Look. As things stand, either our nation’s scientific leaders are allowing the wanton use and careless disposal of millions of tons of hazardous waste, or they are allowing baseless insinuations to cripple a tremendous resource and several honest industries.

For the government to allow either is irresponsible; to perpetuate both is outrageous.

Which is why it’s high time for a judge in one of these suits to say to EPA: Put up or Shut UP!

More items for Surface Preparation

Tagged categories: Abrasive blasting; Abrasives; Coal ash; Enforcement; EPA; Government; Protective coatings; Regulations; Surface preparation

Comment from Donald L Crusan, (1/9/2013, 7:06 AM)

Nothing is simple ever, but for the last 30 years, everything has been more murky. We took it out of the ground, let's use it and/or put it back. So much potential for a common byproduct.

Comment from Robert Ikenberry, (1/9/2013, 9:08 AM)

Wel put Mary, and we welcome your blog. Unfortunately, discussions about ANY controversial topic should probably start: "it's complicated, but I think..." Reglations would like real world circumstances to be neat and tidy, but they never are. That doesn't mean regulators can just give up and do nothing.

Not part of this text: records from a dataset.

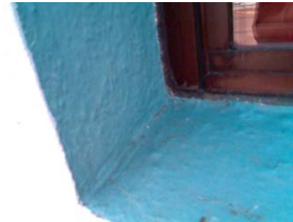
NW Primary Structural Type
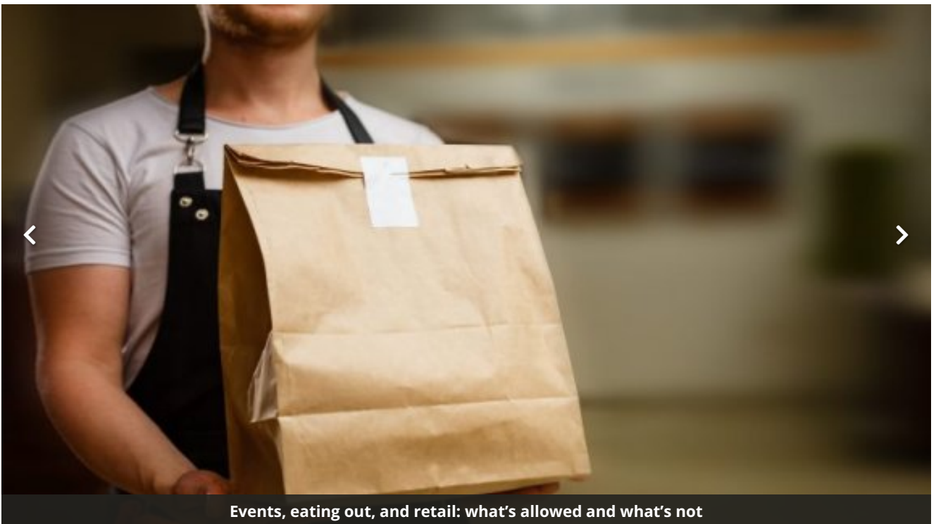
Events, eating out, and retail: what's allowed and what's not
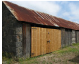
WUCHATSCH'S FARM SOHE 2008
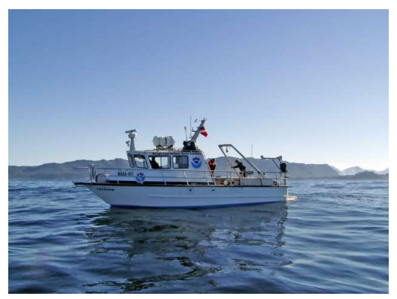
Figure 13 OCNMS Research Vessel Tatoosh

OCNMS staff operates a 38', diesel powered research vessel and a rigid-hull inflatable boat. OCNMS research and monitoring projects also involve the use of other NOAA or contracted vessels. OCNMS' RV Tatoosh (Figure 13) is occasionally used (no more than five times per year) for training, outreach and education activities (e.g., trips in the sanctuary for OCNMS volunteers). Additionally, the OCNMS vessels are occasionally used to investigate potential regulatory violations (less than five times per year, on average).
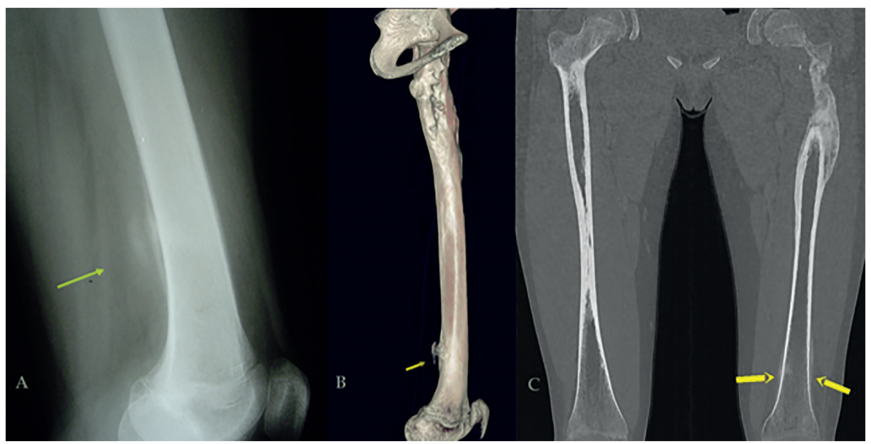
Figure 5. A – X-ray of the distal femur with the current lesion; B – Computed tomography with 3D reconstruction; C – Image of bone lesion in CT sections
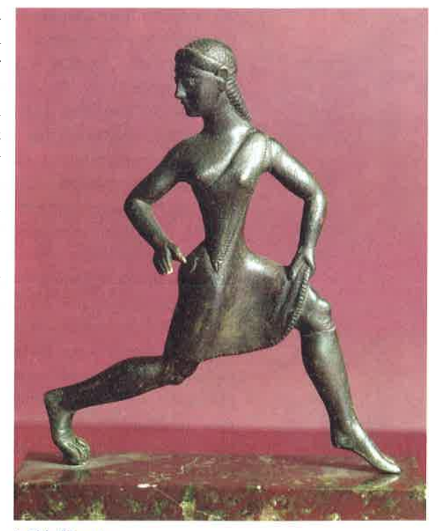
A Girl of Sparta This figurine portrays a young female Spartan athlete or runner. Compare her clothing with that worn by Hegeso in the photo opposite.

This militaristic and far-from-democratic system had implications for women that, strangely enough, offered them greater freedoms and fewer restrictions. As in many warrior societies, their central task was reproduction—bearing warrior sons for Sparta. To strengthen their bodies for childbearing, girls were encouraged to take part in sporting events—running, wrestling, throwing the discus and javelin,
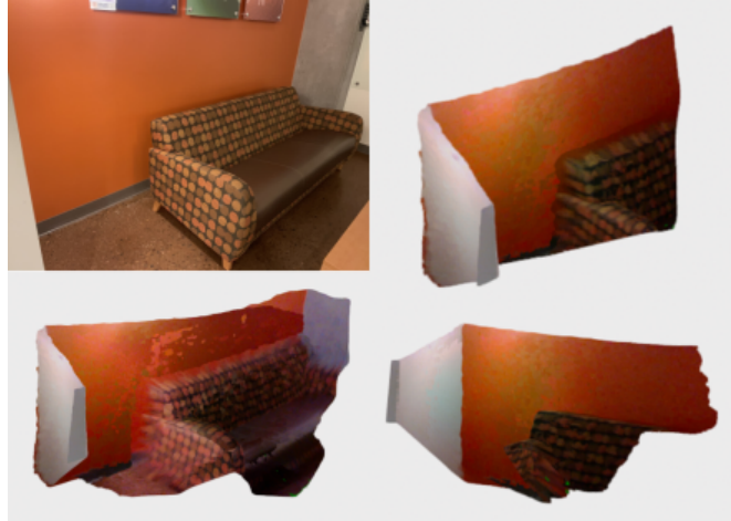
Fig. 1. Registration result of point clouds from 93 frames with our proposed framework using 3D points, 3D lines and 3D planes. The scene contains texture-poor areas, which are difficult for methods that rely on 2D features derived from color images.

Without good visual features in camera images, robots will have to rely on other sensing modalities to provide 3D measurements for registration and pose estimation. A popular modality is LIDAR, which can provide a 360° point cloud around the robot. However, LIDAR sensors are both expensive and, more importantly, heavy. In the case where the
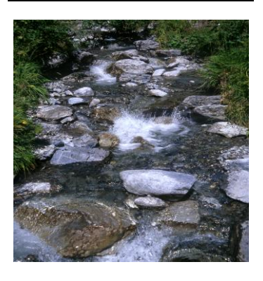
Benchland Water District Offices located at: 485 East Shepard Lane Kaysville, Utah 84037

The Charge pays for irrigation service from April 15th through October 15th of that season at which time the service is discontinued for the year.
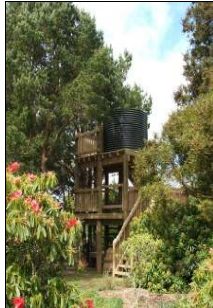
Lookout in the children's playground
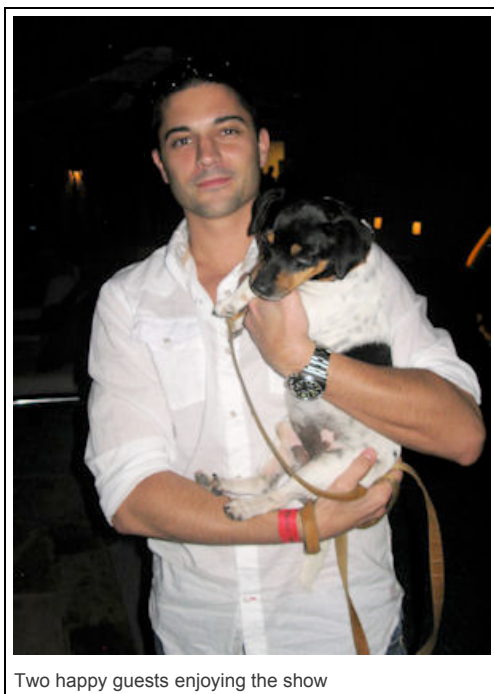
Two happy guests enjoying the show

Links Articles Contact Us About us Privacy Terms FAQ Invite a friend Bookmark
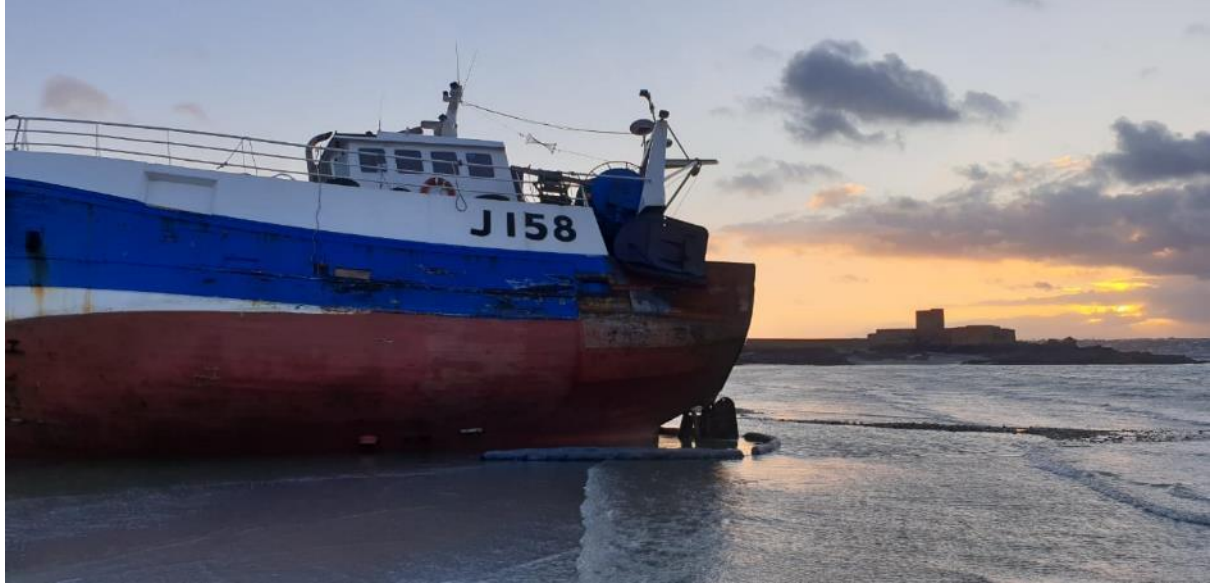
FIG 9 - L'ECUME II Port side.

Comment from John Fauth, (1/9/2013, 9:40 AM)

Ah, the unintended consequences of "simple" bureaucratic decisions. Label CCR's as a hazardous waste because it's potentially dangerous to store in large quantities in poorly engineered retention ponds, and you'll drastically impact safe consumption and sequestration in products like concrete. Net result... you'll have more CCR's in poorly engineered retention ponds and a larger problem. Then there's the inevitable flurry of lawsuits every time someone sawcuts, chisels, removes concrete and releases a hazardous waste into the air. It's the new asbestos abatement! I'm not anti-regulation... just anti "regulating the wrong thing".

Comment from Mary Chollet, (1/9/2013, 10:12 AM)

Gentlemen, you're right. I'm certainly not agitating for a hasty, needless or uninformed regulation. I just feel EPA has a duty, for everyone's sake, to advance the process it has begun.

Comment from John Fauth, (1/10/2013, 8:26 AM)

Mary, here's my beef with this whole issue. This country once had an issue with poorly engineered, privately owned dams (ask the good folks in Johnstown, PA). It was properly identified as an engineering and maintenance issue and no one suggested that we label water as a hazardous waste. But because coal and CCR's have a political component, the real cause (and solution) is obscured. Advancing the EPA's agenda is simply wrong headed, and they're now in the unenviable position of admitting that and alienating a powerful political constituency, continuing to enact harmful regulation with harmful consequences, or dragging this thing out in hopes enough people will forget or they can blame inaction on the next administration. I'm betting on the latter.